Premium resumption will also be staggered based on when individuals’ last renewal was completed – if a renewal has not been completed in the last 12 months, one must be completed before reimposing premiums but they may be restarted immediately after the PHE if a renewal has been completed in the last 12 months. Delaying premiums should be a no-brainer to help alleviate additional operational/system stress state agencies will likely face during the unwinding. Not to mention continuing to suspend premiums would help smooth the transition from Medicaid to CHIP, reducing gaps in coverage for children. Or better yet, states could eliminate their premium requirements entirely and remove a hurdle for children to stay covered when the PHE ends.

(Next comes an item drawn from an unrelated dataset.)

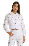 The Kaia Pearl Jacket is your denim jacket, reimagined. Lightweight and softly structured, this cropped silhouette is adorned with all-over pearl and floral beadwork — an effortlessly romantic layer with just the right amount of edge.

Use of Contractors for Administrative Functions

Additionally, CMS makes clear that states can use contractors for certain administrative functions, which can help ease the burden on state agency staff. Contractors can perform functions that do not require individual discretion in evaluating eligibility such as staffing call centers, providing IT support, and performing data entry. In January 2022, twelve states indicated that they planned to hire contractors to help increase eligibility staff capacity. As states face large staff vacancy rates, they should explore this opportunity to reduce the workload on existing staff and ensure a smooth unwinding process. But careful oversight is needed to avoid issues; remember what happened in Missouri disenrolling individuals based on information provided by Lexis-Nexis that inaccurately flagged enrollees when an individual with the same name lived in another state.

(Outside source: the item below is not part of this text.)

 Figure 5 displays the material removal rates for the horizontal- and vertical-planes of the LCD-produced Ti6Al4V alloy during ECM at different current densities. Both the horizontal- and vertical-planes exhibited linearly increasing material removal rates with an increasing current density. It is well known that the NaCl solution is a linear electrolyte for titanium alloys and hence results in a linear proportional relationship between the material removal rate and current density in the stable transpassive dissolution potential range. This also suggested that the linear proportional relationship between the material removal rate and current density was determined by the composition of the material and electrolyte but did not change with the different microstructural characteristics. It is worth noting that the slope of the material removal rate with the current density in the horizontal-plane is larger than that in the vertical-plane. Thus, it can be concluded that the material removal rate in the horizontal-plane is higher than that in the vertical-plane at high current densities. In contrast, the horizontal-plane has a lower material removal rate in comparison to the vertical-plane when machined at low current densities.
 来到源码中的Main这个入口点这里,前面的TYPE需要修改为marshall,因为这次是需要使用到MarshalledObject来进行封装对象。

Administrative Claiming for Outreach

A final thing to highlight is the last question in the FAQs which details how states can use administrative matching funds for unwinding-related outreach and advertising. Both Medicaid and CHIP allow states to claim federal funds for outreach efforts (50 percent for Medicaid and regular enhanced FMAP for CHIP); these funds can be used for a variety of outreach for the unwinding including paid marketing campaigns. States can combine outreach/advertising efforts for Medicaid and CHIP but, according to the FAQs, states will have to develop a method for assigning costs for these efforts in order to appropriately claim matching funds and meet programmatic requirements, including adhering to the 10 percent cap on administrative expenses in CHIP. States should take advantage of these available funds to maximize the reach of their outreach efforts and help families navigate through these unprecedented times.

It is great to see new FAQs after a year or so hiatus, especially addressing some key questions that have arisen from CMS guidances and as states are planning for the unwinding.